Your Turn: Mini-Project

Option A: Research the three largest GDPR fines issued since the period covered in this case study. For each, identify the company, the DPA, the amount, and the legal basis. Write a one-page analysis of whether these fines represent an escalation in enforcement or a continuation of existing patterns.

Option B: Select one non-EU country that has enacted data protection legislation influenced by the GDPR. Compare the two frameworks on three dimensions of your choice.

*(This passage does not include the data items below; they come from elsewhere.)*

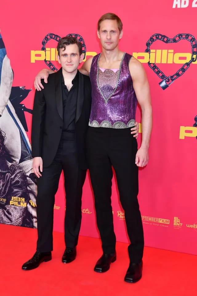 He was joined on the red carpet by his co-star, Harry Melling, who played his submissive counterpart in the film. Melling wore a classic black suit, offering a contrast to Skarsgård’s styling. Pillion was directed by Harry Lighton, with Skarsgård playing a biker who begins an unconventional submissive relationship with a parking attendant.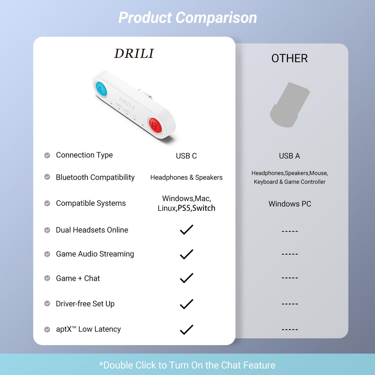 Ps5 Bluetooth Audio Adapter, Drili Low Latency Bluetooth Audio Transmitter, Usb C Headphone Adapter With Aptx Low Latency Suppor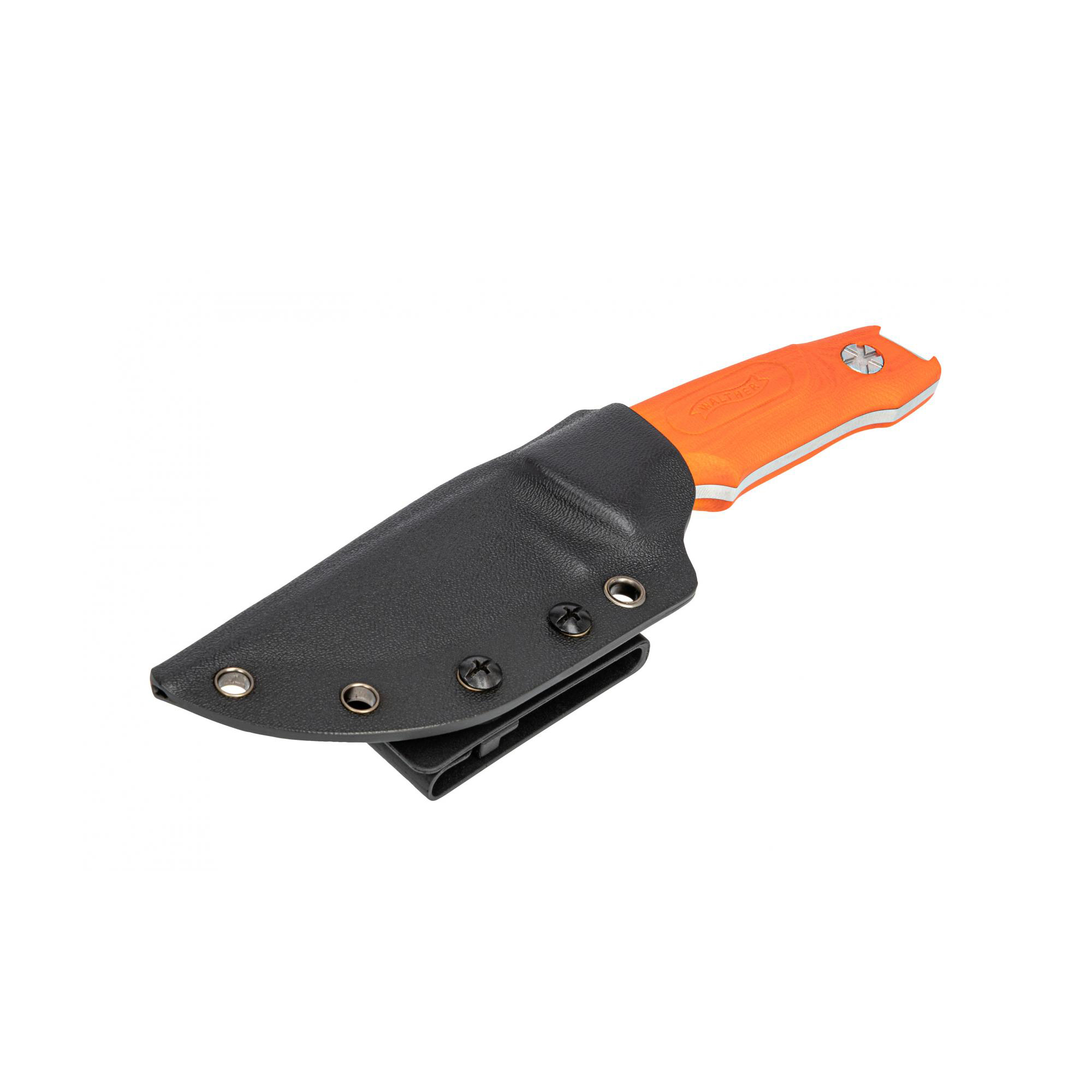 Chwyt noża Walther HBF 1 wykonany został z niezwykle trwałego a przy tym higienicznego kompozytu G10. Materiał ten bazuje na tkaninie z włókna szklanego sprasowanej przy pomocy żywicy i charakteryzuje się ekstremalną wytrzymałością. Kontrastowy kolor zastosowanego tworzywa sprawia, że nóż myśliwski HBF 1 jest niezwykle łatwy w odnalezieniu po upadku w ściółkę lub trawę. Odpowiedni profil chwytu sprawia natomiast, że model jest niezwykle wygodny oraz bezpieczny w użytkowaniu. Dzięki zastosowaniu kydexowej pochewki nóż jest niezwykle łatwy w dobyciu. Nie musimy ponadto obawiać się o jej kondycję umieszczając w niej ubrudzone narzędzie - syntetyczna konstrukcja jest bardzo łatwa w czyszczeniu.

Write a two-page analysis of where the non-EU law follows the GDPR model and where it diverges, and assess whether the divergences are justified by local context.

Option C: Download and read the cookie consent interface of five popular websites. Document the design choices each makes: How easy is it to reject cookies? Are dark patterns present? What information is provided? Write a one-page assessment of whether these interfaces achieve the GDPR's goal of informed consent.

References

  • European Data Protection Board. GDPR First Five Years — Overview of Enforcement Actions. Brussels, 2023.

  • Satariano, Adam. "Europe's Privacy Law Has Been a Buzzkill for Some, Boon for Others." The New York Times, May 24, 2023.

  • Bradford, Anu. The Brussels Effect: How the European Union Rules the World. New York: Oxford University Press, 2020.

  • Enforcement Tracker (CMS). https://www.enforcementtracker.com — a publicly accessible database tracking all reported GDPR fines.

  • Noyb (None of Your Business). "Pay or Okay: Noyb Files Complaint Against Meta's 'Privacy Fee.'" Press release, 2023.

  • Irish Data Protection Commission. Annual Report 2022. Dublin, 2023.

  • Custers, Bart, et al. "Consent and Privacy in the Age of GDPR." European Data Protection Law Review 5, no. 3 (2019): 345–362.